**EXERCISE PROMPT**
What are the lines below, starting at the line containing "2024年9月30日至今,公" and ending at the line containing "辊道通过式抛丸清理机是将工件"? Write them out exactly, ends included, without pictures.

Extracted records:
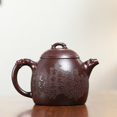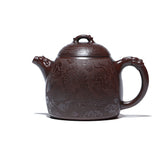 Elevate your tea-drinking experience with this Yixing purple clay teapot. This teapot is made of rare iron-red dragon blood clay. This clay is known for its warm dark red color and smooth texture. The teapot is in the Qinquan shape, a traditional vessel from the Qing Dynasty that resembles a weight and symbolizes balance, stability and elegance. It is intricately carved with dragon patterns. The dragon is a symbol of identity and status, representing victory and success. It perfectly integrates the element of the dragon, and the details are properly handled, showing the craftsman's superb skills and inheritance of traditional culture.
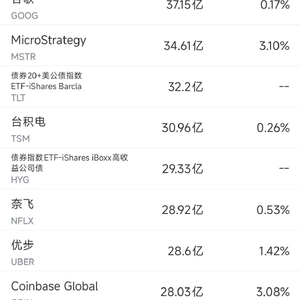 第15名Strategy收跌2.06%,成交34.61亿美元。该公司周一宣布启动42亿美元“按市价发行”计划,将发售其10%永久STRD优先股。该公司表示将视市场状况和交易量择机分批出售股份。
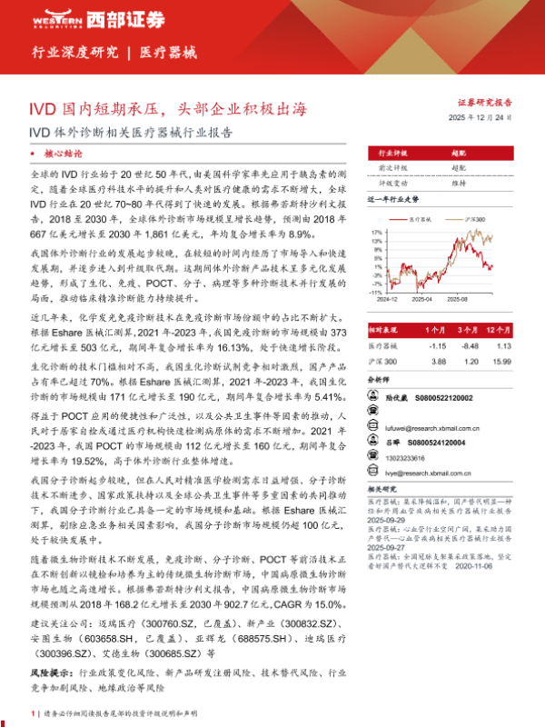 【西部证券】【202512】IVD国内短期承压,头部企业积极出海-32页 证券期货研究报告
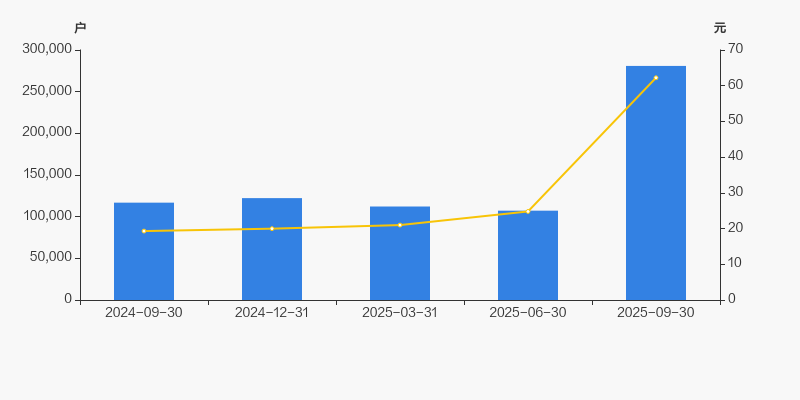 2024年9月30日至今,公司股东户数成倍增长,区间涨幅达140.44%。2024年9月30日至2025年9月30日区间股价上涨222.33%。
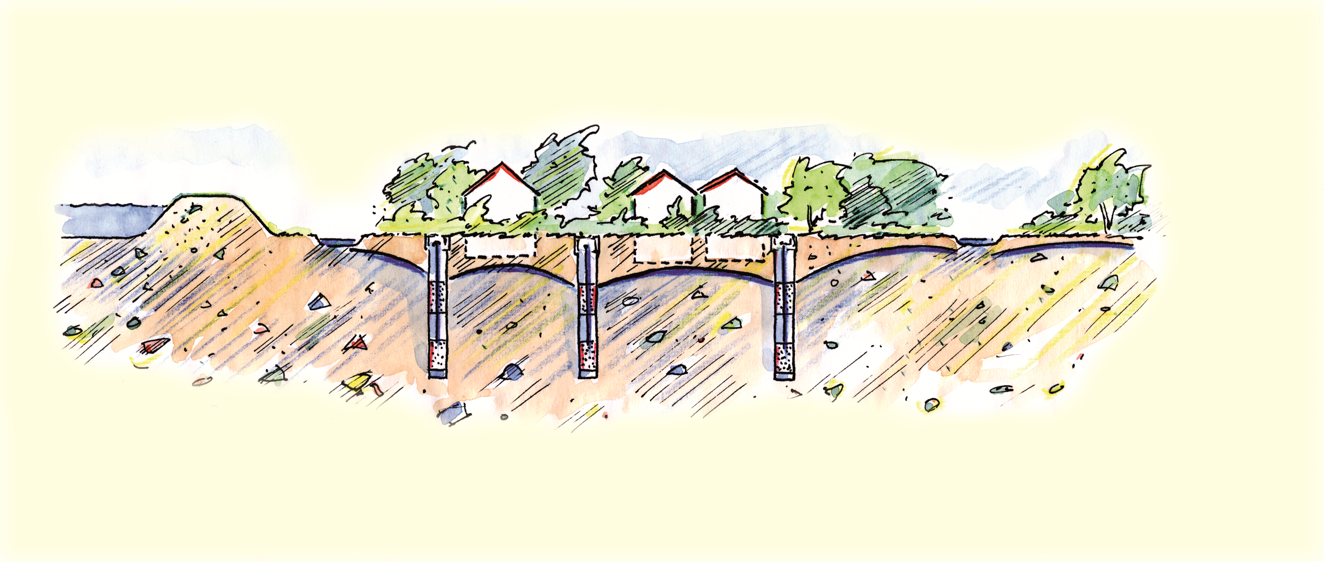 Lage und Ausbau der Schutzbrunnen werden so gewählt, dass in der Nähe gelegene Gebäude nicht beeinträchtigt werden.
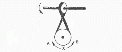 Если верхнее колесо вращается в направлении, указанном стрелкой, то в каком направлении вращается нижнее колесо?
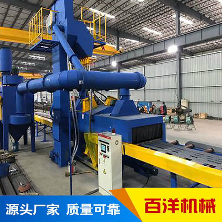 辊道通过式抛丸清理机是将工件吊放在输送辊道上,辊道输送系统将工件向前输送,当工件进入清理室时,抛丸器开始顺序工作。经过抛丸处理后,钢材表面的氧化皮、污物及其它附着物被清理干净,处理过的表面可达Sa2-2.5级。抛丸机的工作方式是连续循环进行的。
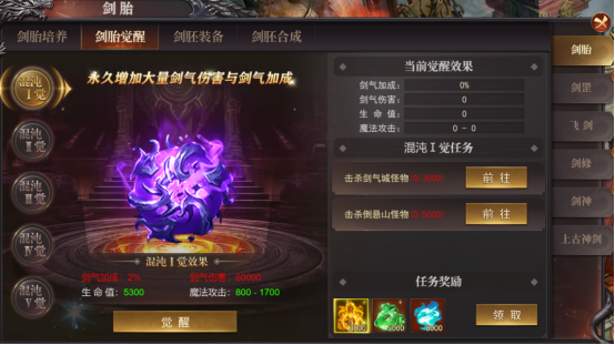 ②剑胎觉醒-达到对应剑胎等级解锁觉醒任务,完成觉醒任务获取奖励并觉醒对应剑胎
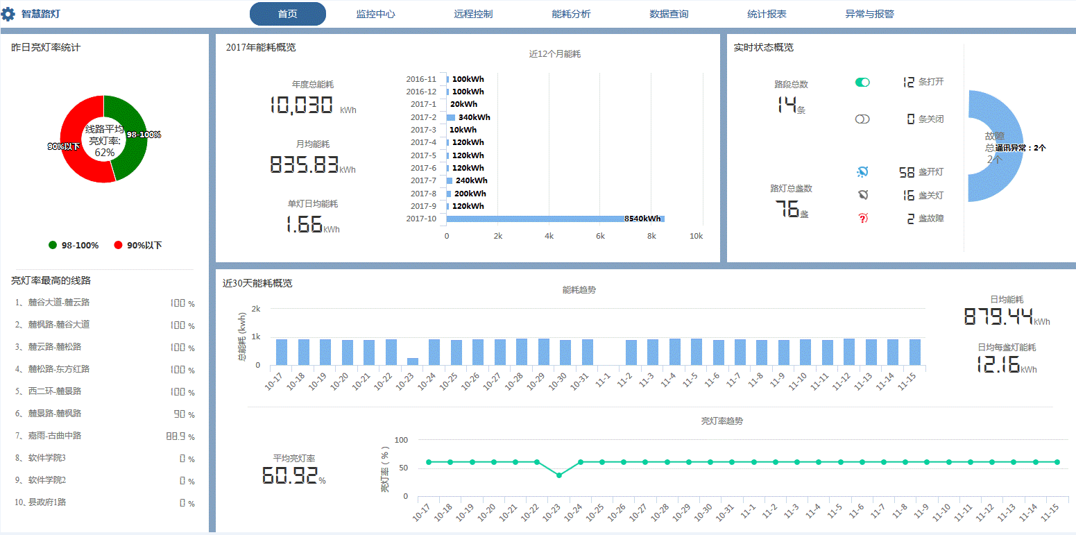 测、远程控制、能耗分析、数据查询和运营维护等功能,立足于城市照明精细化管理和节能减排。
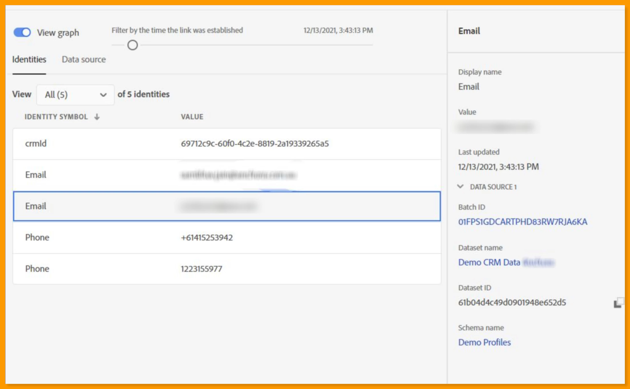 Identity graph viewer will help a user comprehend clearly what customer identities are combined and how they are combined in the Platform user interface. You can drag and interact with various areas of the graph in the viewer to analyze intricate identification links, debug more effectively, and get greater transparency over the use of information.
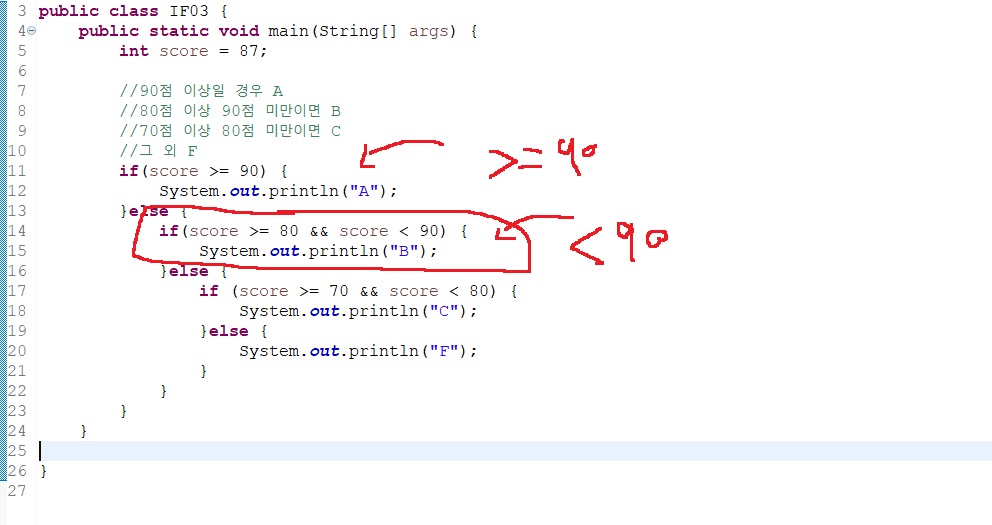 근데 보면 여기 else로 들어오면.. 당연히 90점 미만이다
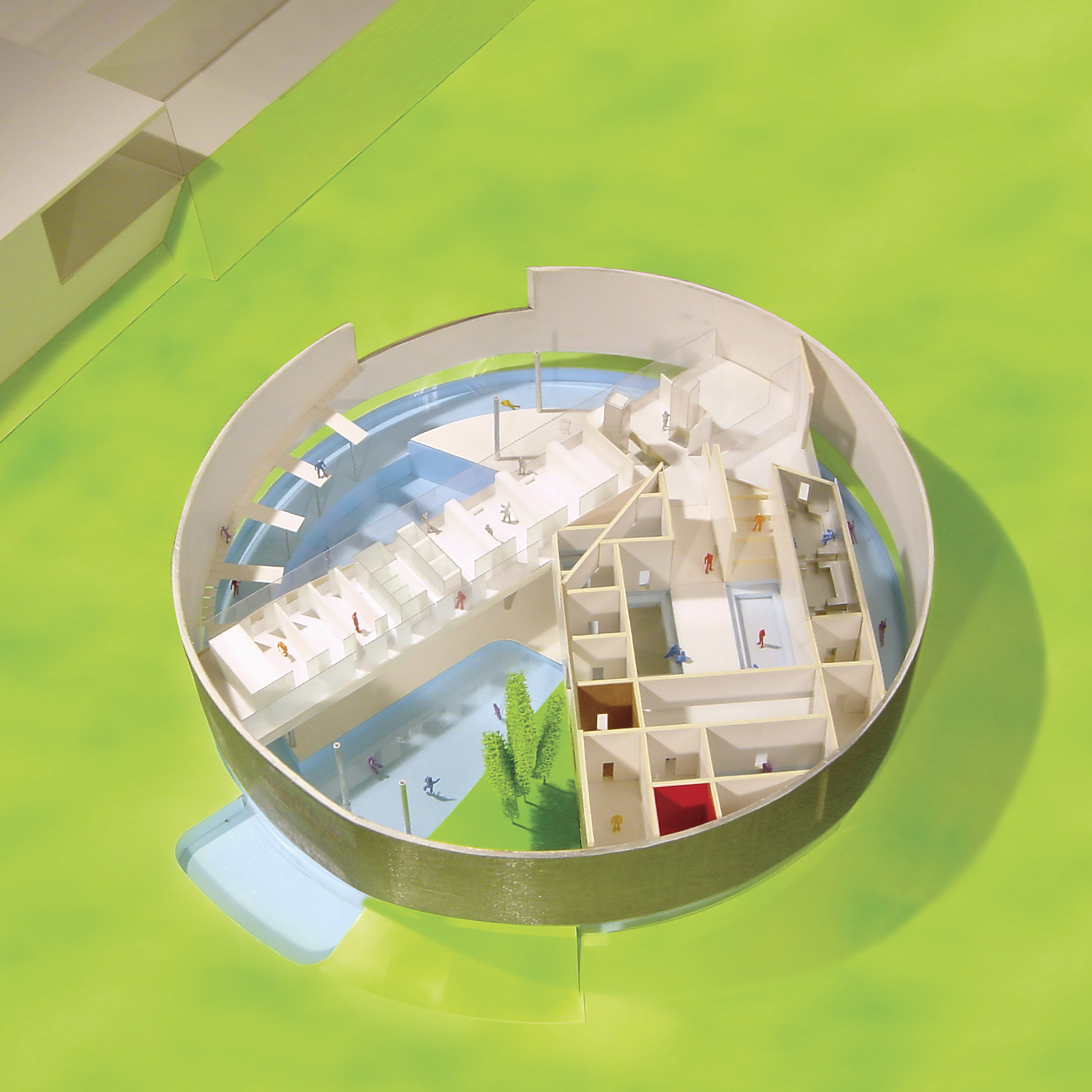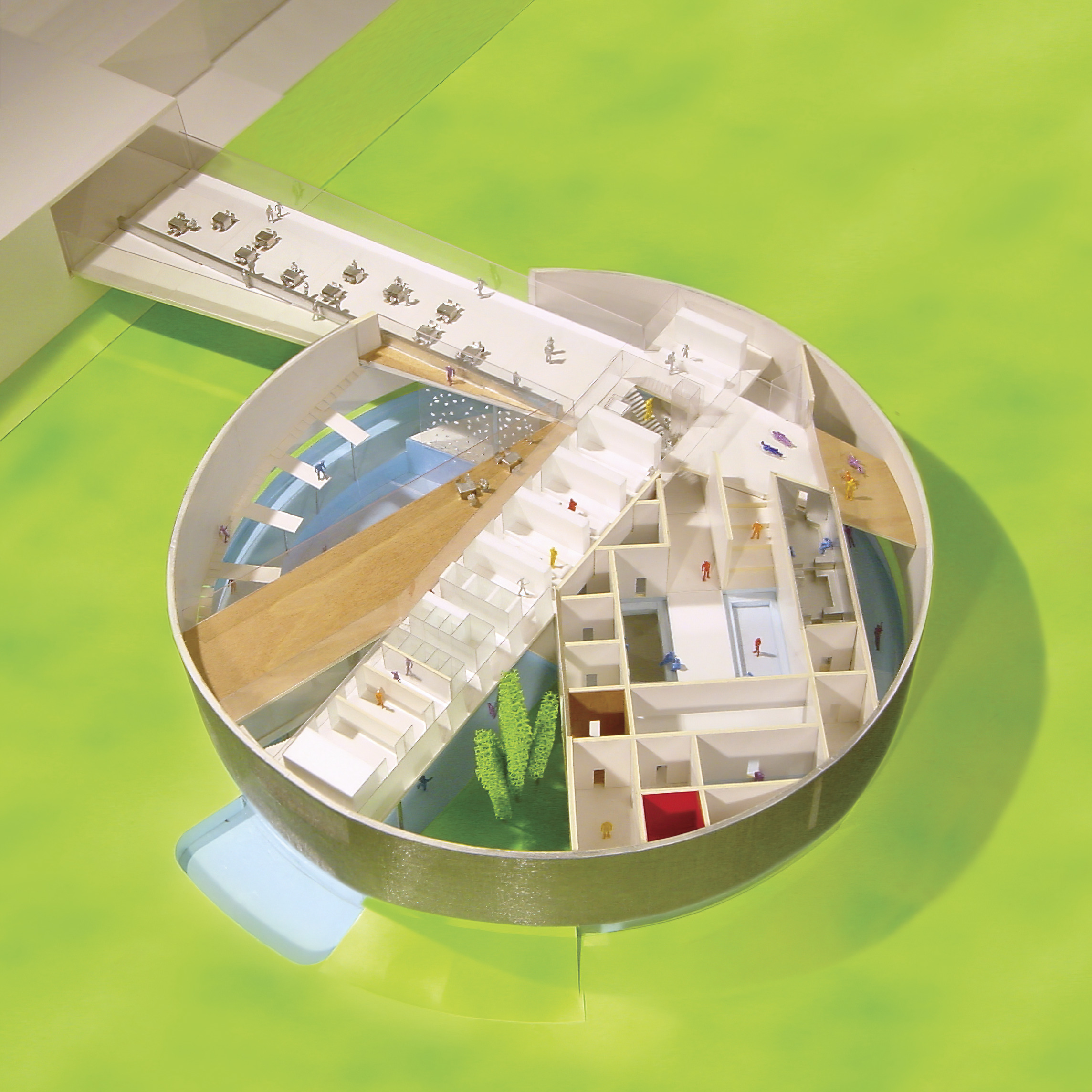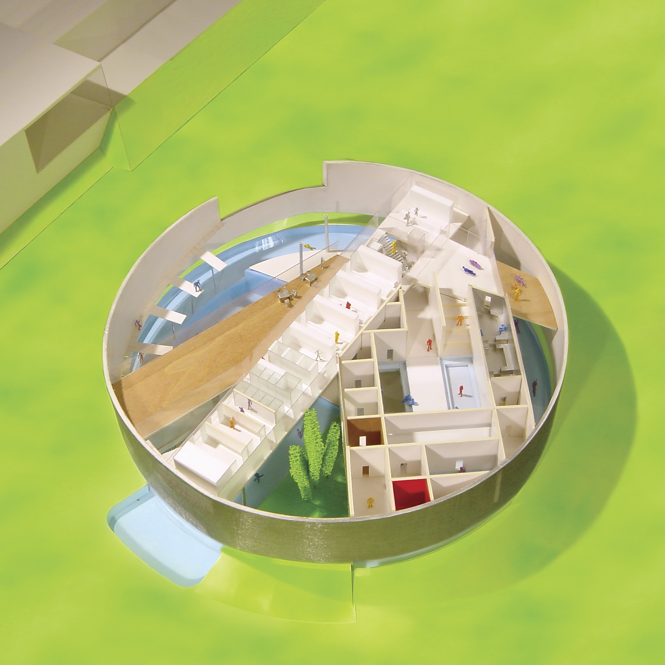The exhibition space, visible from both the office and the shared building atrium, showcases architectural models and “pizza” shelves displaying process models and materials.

**OUTPUT OF THE EXERCISE**
 2024年9月30日至今,公司股东户数成倍增长,区间涨幅达140.44%。2024年9月30日至2025年9月30日区间股价上涨222.33%。
 Lage und Ausbau der Schutzbrunnen werden so gewählt, dass in der Nähe gelegene Gebäude nicht beeinträchtigt werden.
 Если верхнее колесо вращается в направлении, указанном стрелкой, то в каком направлении вращается нижнее колесо?
 辊道通过式抛丸清理机是将工件吊放在输送辊道上,辊道输送系统将工件向前输送,当工件进入清理室时,抛丸器开始顺序工作。经过抛丸处理后,钢材表面的氧化皮、污物及其它附着物被清理干净,处理过的表面可达Sa2-2.5级。抛丸机的工作方式是连续循环进行的。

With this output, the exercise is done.